# Data segment
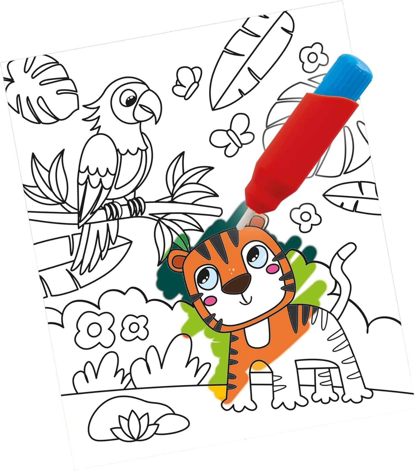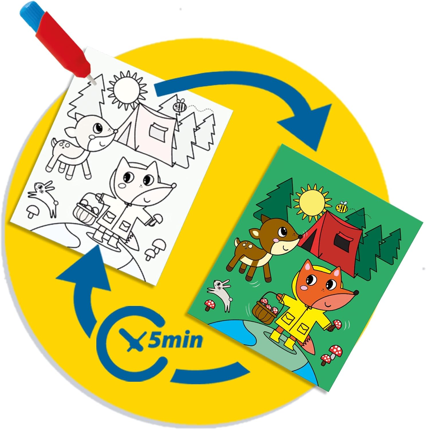 Goditi il divertimento creativo in viaggio con questo libro da colorare ad acqua in pratico formato da viaggio, ideale per piccoli artisti e perfetto per viaggiare! Il libro da colorare ad acqua contiene 5 pagine riutilizzabili e una penna speciale per dipingere con acqua, così i bambini possono dipingere senza macchie e disordine. Le immagini appaiono quando la matita d'acqua scivola sopra e scompaiono di nuovo quando si asciugano. I bambini possono dipingere all'infinito e creare sempre nuove opere d'arte. Compatto e leggero: questo libro da colorare ad acqua è perfetto per lunghi viaggi in macchina, tempi di attesa o viaggi, permettendo ai bambini di essere creativi ovunque e in qualsiasi momento. Realizzato con materiali sicuri e appositamente progettato per le mani piccole, dipingere con il kit ad acqua offre un modo senza stress e fantasioso per la progettazione. Pronto per la prossima avventura?
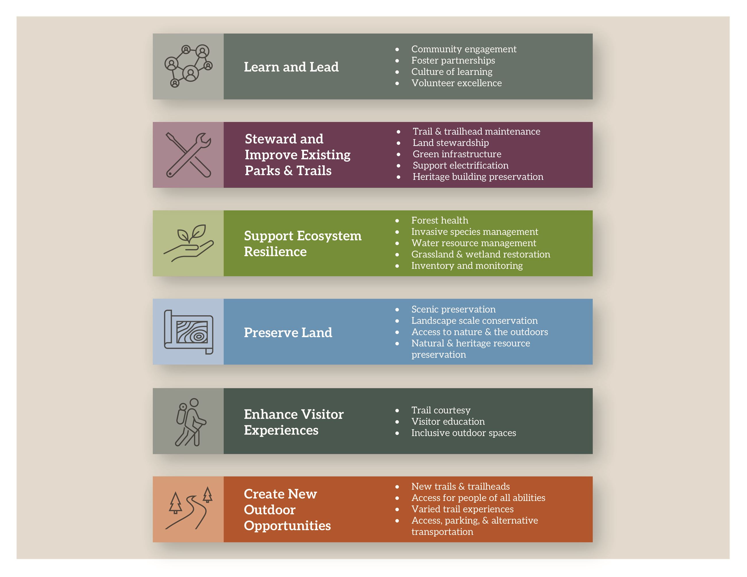 “Steward and Improve Existing Parks and Trails:” Caring for and improving existing parks and trails, including green infrastructure and preserving historic buildings.
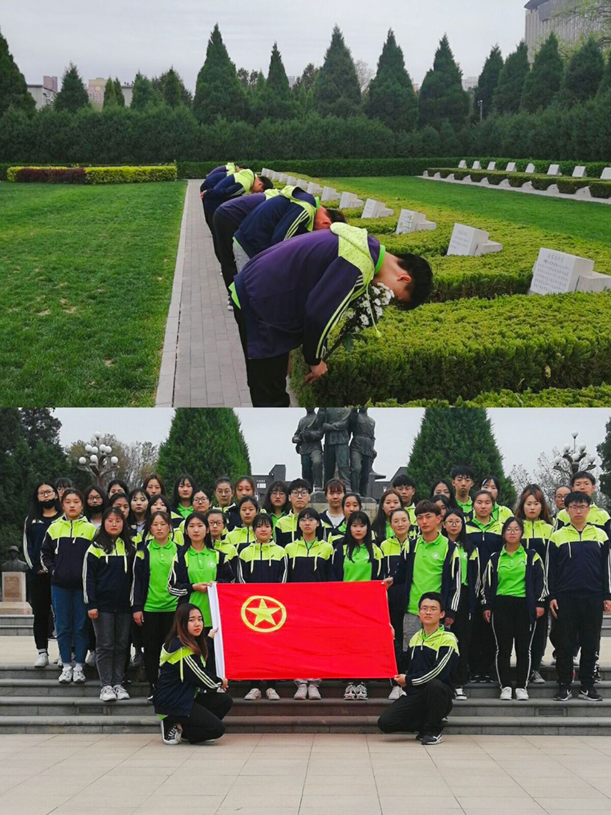 翠柏青松伴英烈,陵园祭扫寄哀思。在烈士墓前,悼念仪式简洁而庄重,同学们向革命先烈三鞠躬并献上白花。随后,全体团员在纪念碑下重温入团誓词。仪式结束后,全体成员有序参观了烈士陵墓和烈士纪念馆,了解英烈事迹和革命传统。
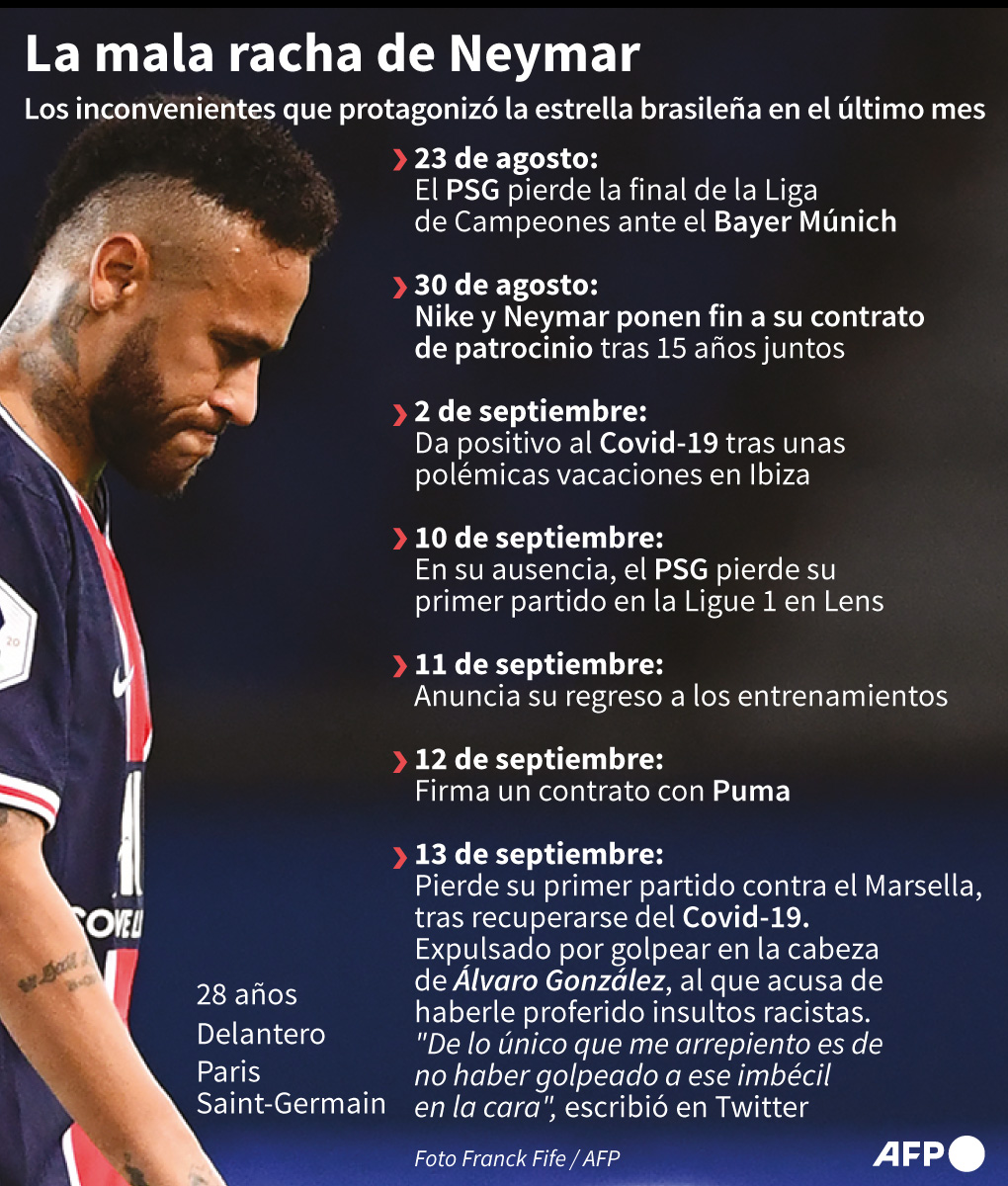 El París SG apoyó el reclamo de su jugador estrella Neymar que afirma haber sido víctima de insultos racistas el domingo durante el clásico que el equipo parisino perdió en casa (1-0) contra el Olympique Marsella.

# What to work on
Output the whole listing exactly. Pictures stay out.

# Answer for the task
 Goditi il divertimento creativo in viaggio con questo libro da colorare ad acqua in pratico formato da viaggio, ideale per piccoli artisti e perfetto per viaggiare! Il libro da colorare ad acqua contiene 5 pagine riutilizzabili e una penna speciale per dipingere con acqua, così i bambini possono dipingere senza macchie e disordine. Le immagini appaiono quando la matita d'acqua scivola sopra e scompaiono di nuovo quando si asciugano. I bambini possono dipingere all'infinito e creare sempre nuove opere d'arte. Compatto e leggero: questo libro da colorare ad acqua è perfetto per lunghi viaggi in macchina, tempi di attesa o viaggi, permettendo ai bambini di essere creativi ovunque e in qualsiasi momento. Realizzato con materiali sicuri e appositamente progettato per le mani piccole, dipingere con il kit ad acqua offre un modo senza stress e fantasioso per la progettazione. Pronto per la prossima avventura?
 “Steward and Improve Existing Parks and Trails:” Caring for and improving existing parks and trails, including green infrastructure and preserving historic buildings.
 翠柏青松伴英烈,陵园祭扫寄哀思。在烈士墓前,悼念仪式简洁而庄重,同学们向革命先烈三鞠躬并献上白花。随后,全体团员在纪念碑下重温入团誓词。仪式结束后,全体成员有序参观了烈士陵墓和烈士纪念馆,了解英烈事迹和革命传统。
 El París SG apoyó el reclamo de su jugador estrella Neymar que afirma haber sido víctima de insultos racistas el domingo durante el clásico que el equipo parisino perdió en casa (1-0) contra el Olympique Marsella.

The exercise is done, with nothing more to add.